• HOW TO COMPLETE THIS TASK:
Return all of the data verbatim, dropping any picture.

• SUPPLIED MATERIAL:
++++++++
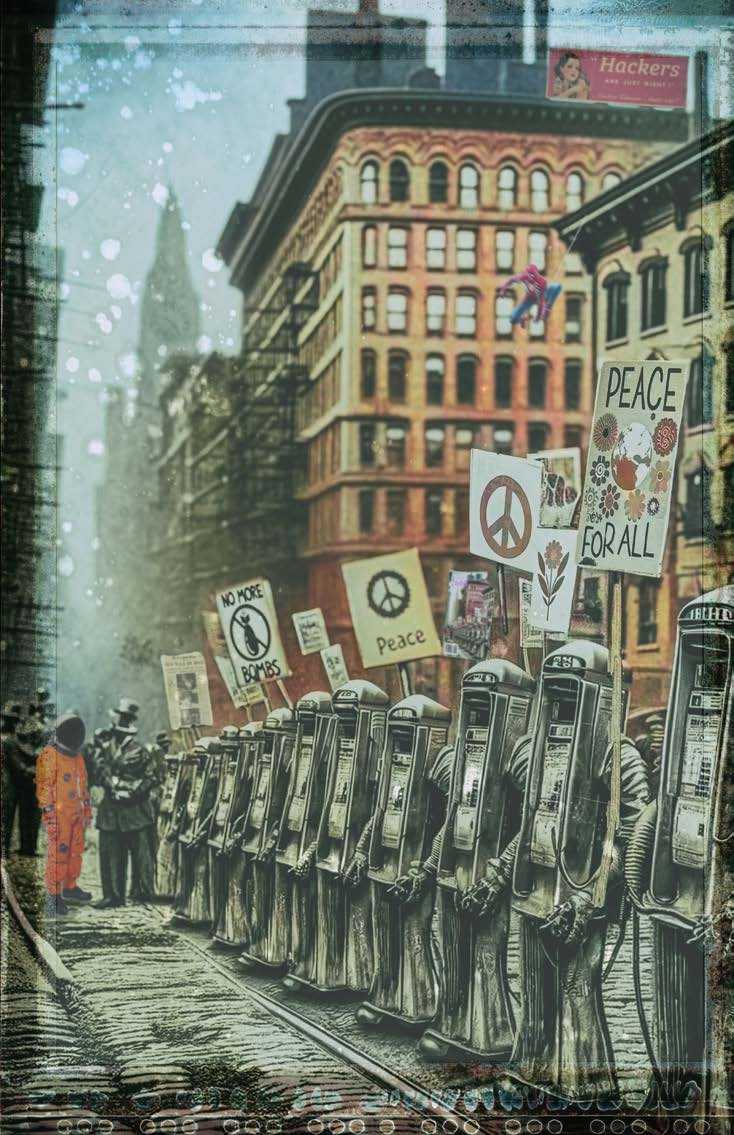An army of robot payphones is lined up, holding various signs calling for peace.
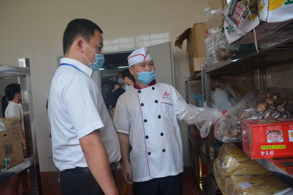 6月20日,金彩汇1068家长代表一行,在学校范小梁常务副校长、黄莉副校长的带领下,束好发髻、戴上口罩步入学校食堂。
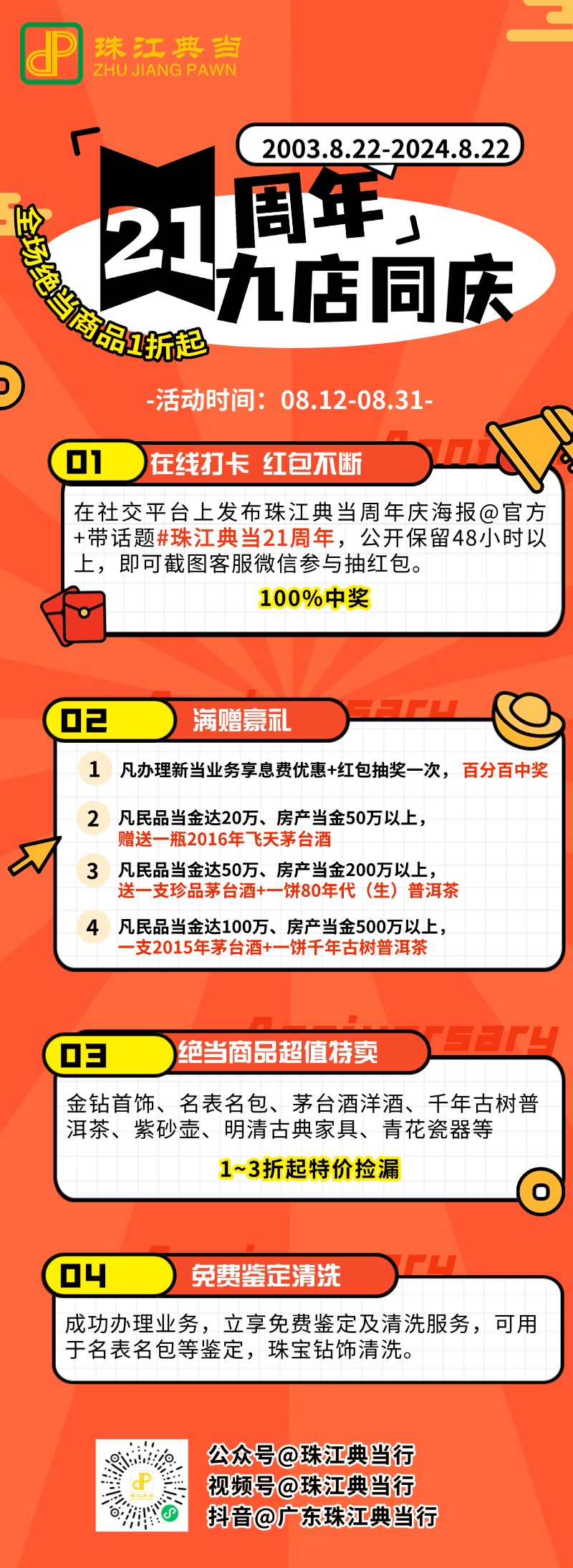 珠江典当行21周年(2003.8.22~2024.8.22),九店同庆钜惠全城
++++++++
• RESULT:
An army of robot payphones is lined up, holding various signs calling for peace.
 6月20日,金彩汇1068家长代表一行,在学校范小梁常务副校长、黄莉副校长的带领下,束好发髻、戴上口罩步入学校食堂。
 珠江典当行21周年(2003.8.22~2024.8.22),九店同庆钜惠全城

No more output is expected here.